Rather than build expertise across every emerging domain, carriers can tap solutions “as-a-service.” Hyper specialization also lets insurtechs maximize value in chosen areas. They optimize and iterate rapidly.
Cloud platforms, for instance, now offer enterprise-grade AI underwriting engines for per-policy pricing. Small teams specialize in perfecting algorithms while cloud infrastructure provides easy scalability. Other firms furnish turnkey fraud analysis or claims automation software.
Such partnerships provide low friction access to leading-edge tools that would prove costly and slow for incumbents to replicate internally. Importing modular components also avoids large-scale technology overhauls.

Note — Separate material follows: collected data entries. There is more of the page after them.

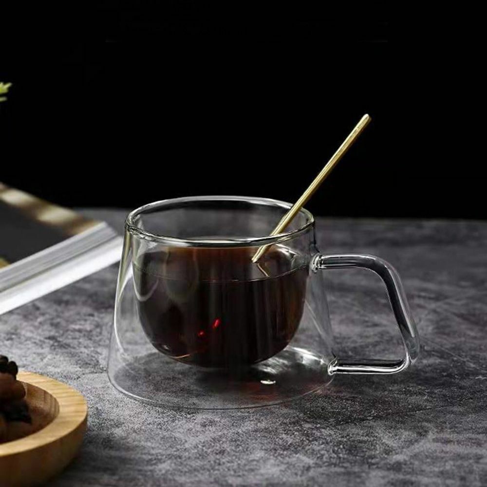 Double Wall Insulated Double Glass Cup with Handle Breakfast Mug Coffee Tea Cup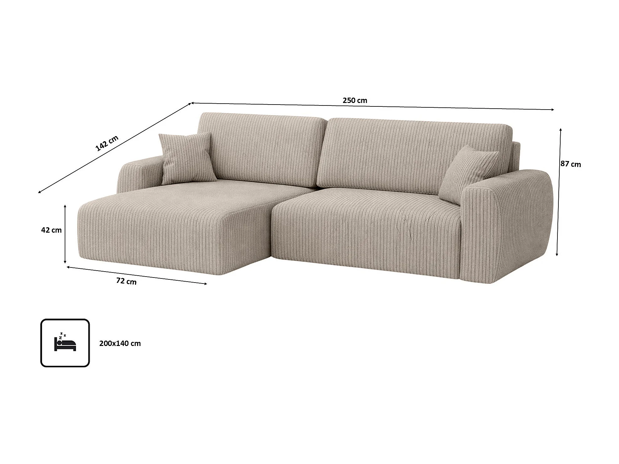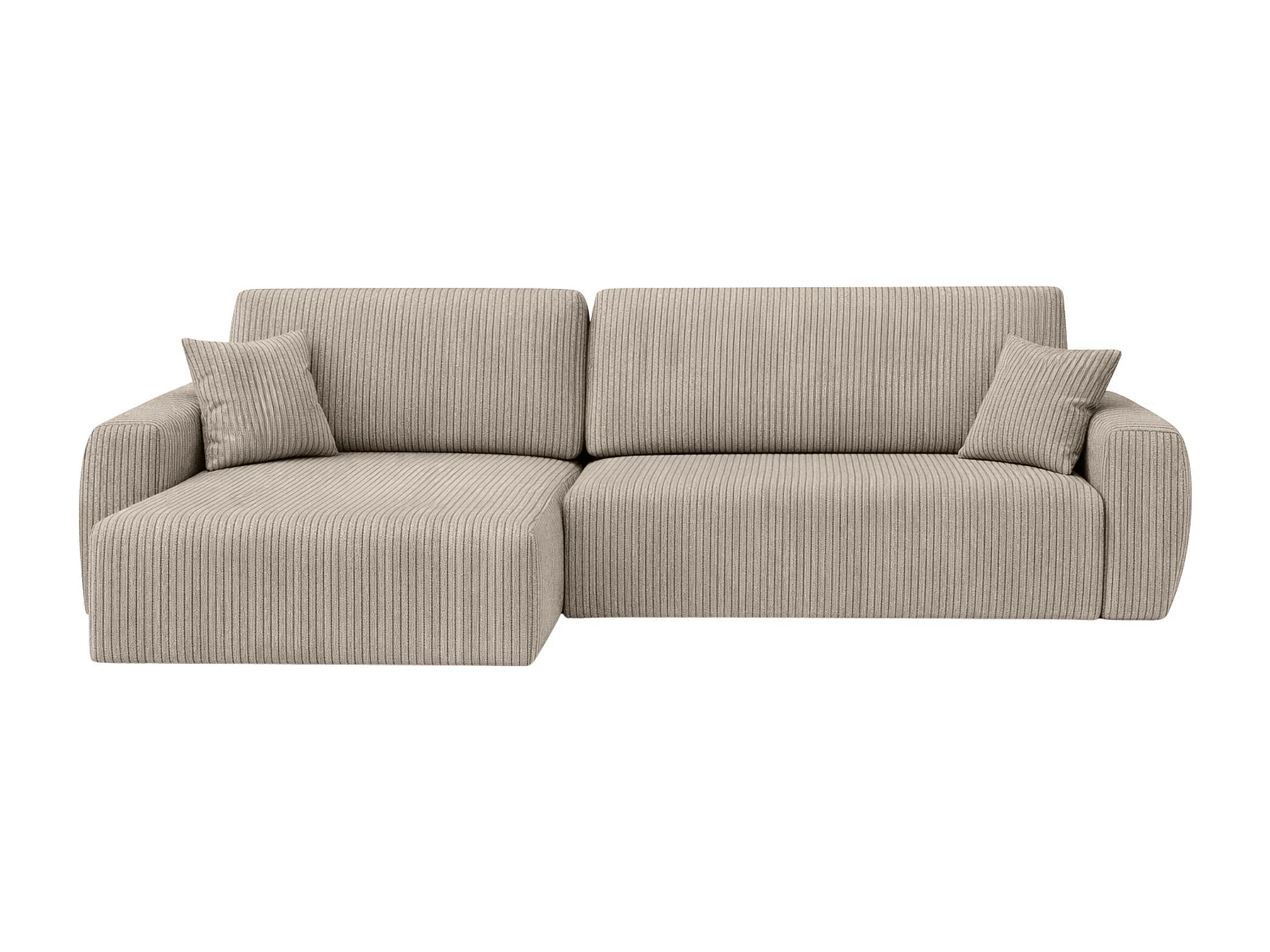 Canapé d'angle convertible avec coffre de rangement Ariel L, tissu côtelé, tissu Poso, beige foncé, côté gauche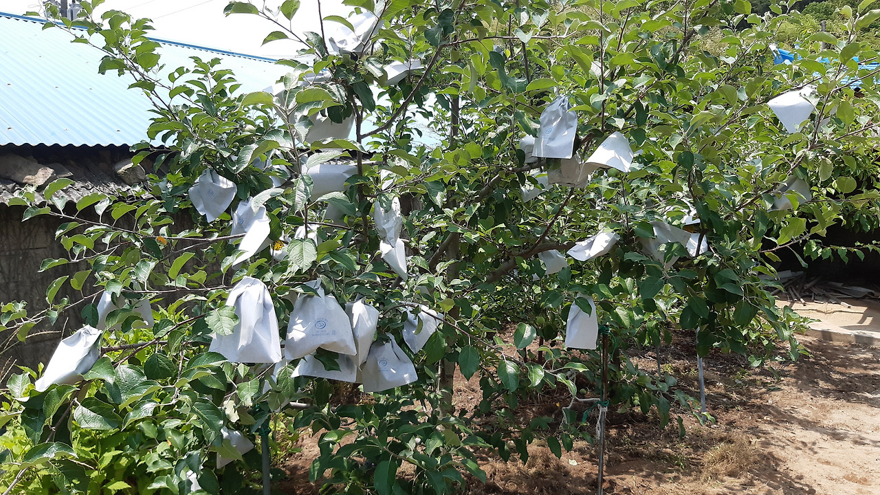 얼마 전에는 내가 가서 사과를 적과하고 봉지를 씌웠다. 매사 부지런하고 빈틈없는 남편에게도 구멍이 있었다. 예를 들면 봉지 씌우는 일 같은 것, 작은 열매에 봉지를 씌우는 일은 단순한 노동 같지만 사실 고난도의 예술 행위이다. 저도 살려고 가지에 딱 붙어있는 엄지손톱만한 열매에 조심스레 봉지를 씌우고 속을 넣은 만두피를 여미듯 봉지를 잘 여며 봉지 입구 한 쪽에 붙어있는 가느다란 철사로 마무리를 해야 한다. 조금만 힘을 주면 봉지가 찢어져 버리거나 열매가 떨어져버린다. 그 고난도 예술을 무식하게 투박한 남편의 손으로는 불가능한 일이었다. 해서 아직은 그런대로 유연하고 그럴싸한 내 손이 친히 출동을 한 것이었다.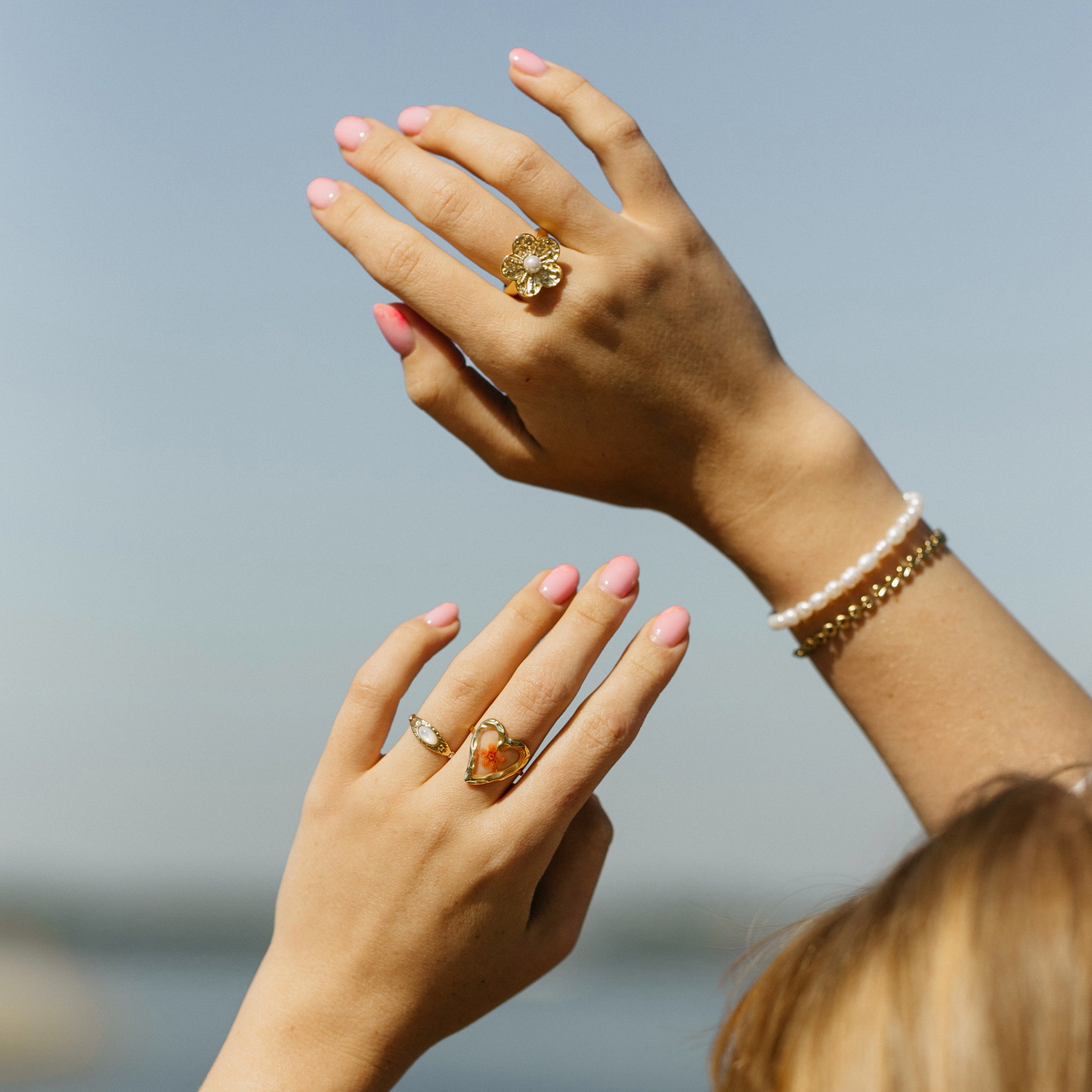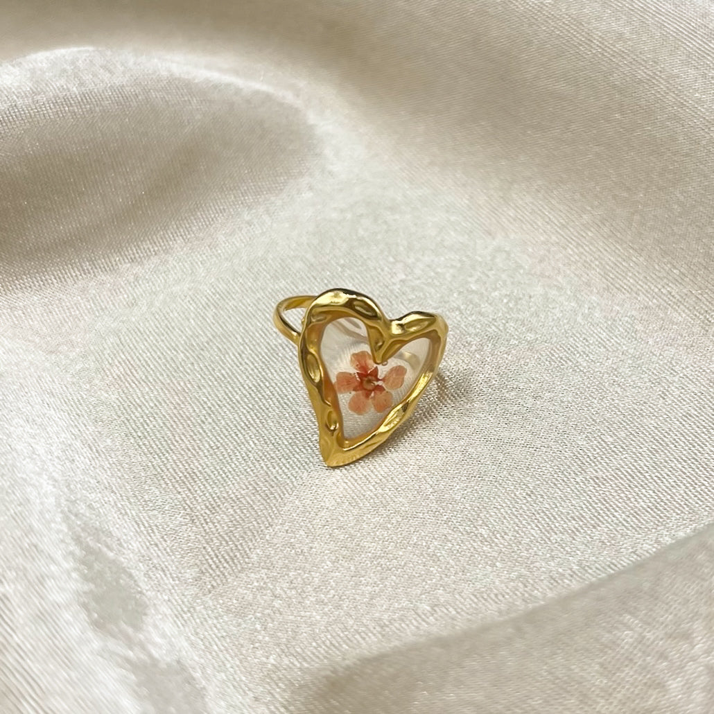 De Floral Affair Ring is een verstelbare ring van roestvrij staal in het goud. Het hartvormige design met een delicate bloem in het midden brengt een romantische, feminine vibe in elke look. Deze ring is de perfecte mix van vintage charme en moderne sparkle — ideaal om te dragen solo of te combineren met andere gouden sieraden voor een dreamy, floral statement.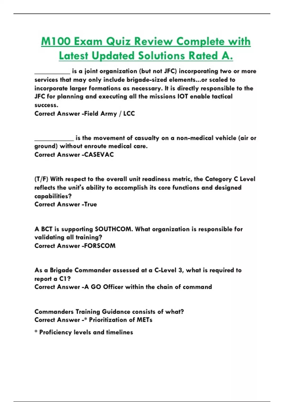 M100 Exam Quiz Review Complete with Latest Updated Solutions Rated A.
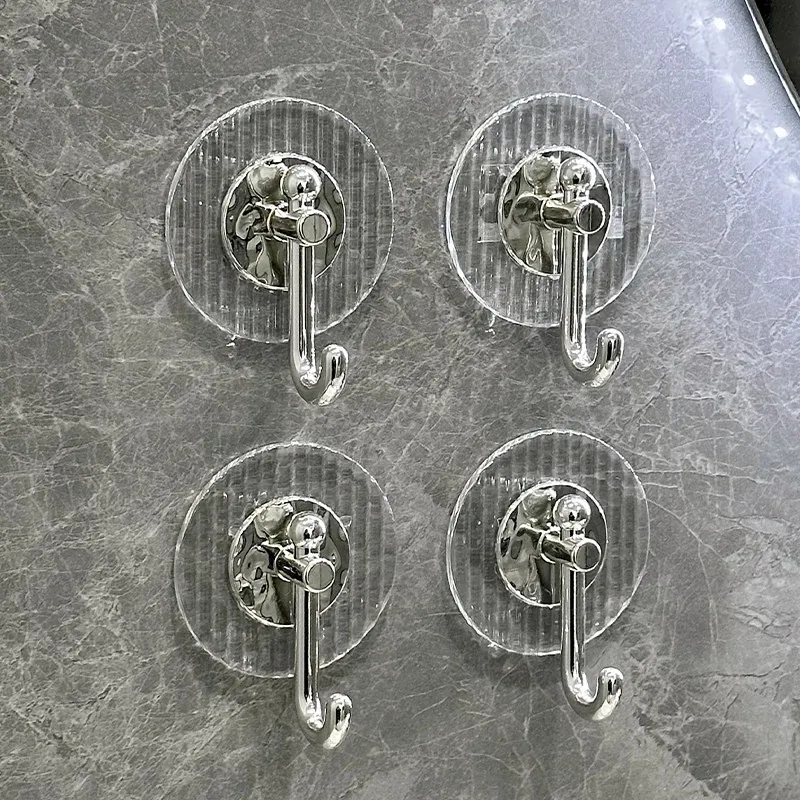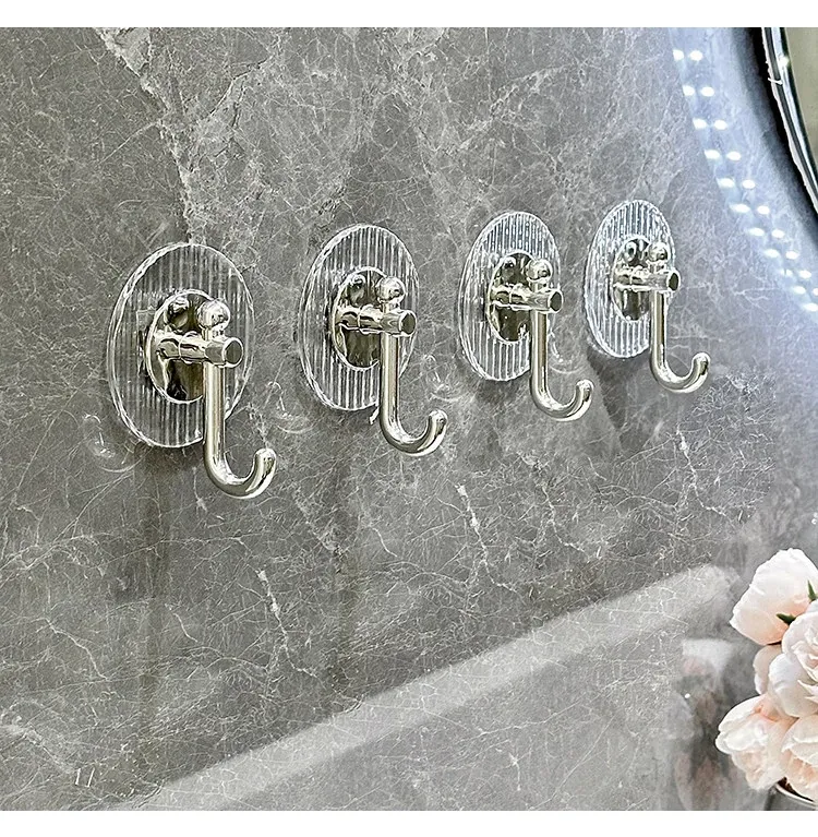 【クリームシルバー6フック】✅安定して落ちない【背面粘着テープ付き】

This guide demonstrates how modern capabilities help insurers quantify and mitigate risks to operate profitably. Follow the recipe of accurate underwriting, diversified portfolio construction, proactive reserving, operational excellence, and insurtech partnerships.
Implementing these foundational capabilities positions carriers to generate economic profit. Firms can then progressively advance maturity in each dimension. For instance, continuously refine underwriting models with more data and computing power or automation levels.
While insurance inherently constitutes risk-taking, astute application of analytics minimizes dangerous threats. Technology finally provides methods and tools for companies to elevate risk management. Companies putting these into practice will separate from the industry pack by sustainably growing profits.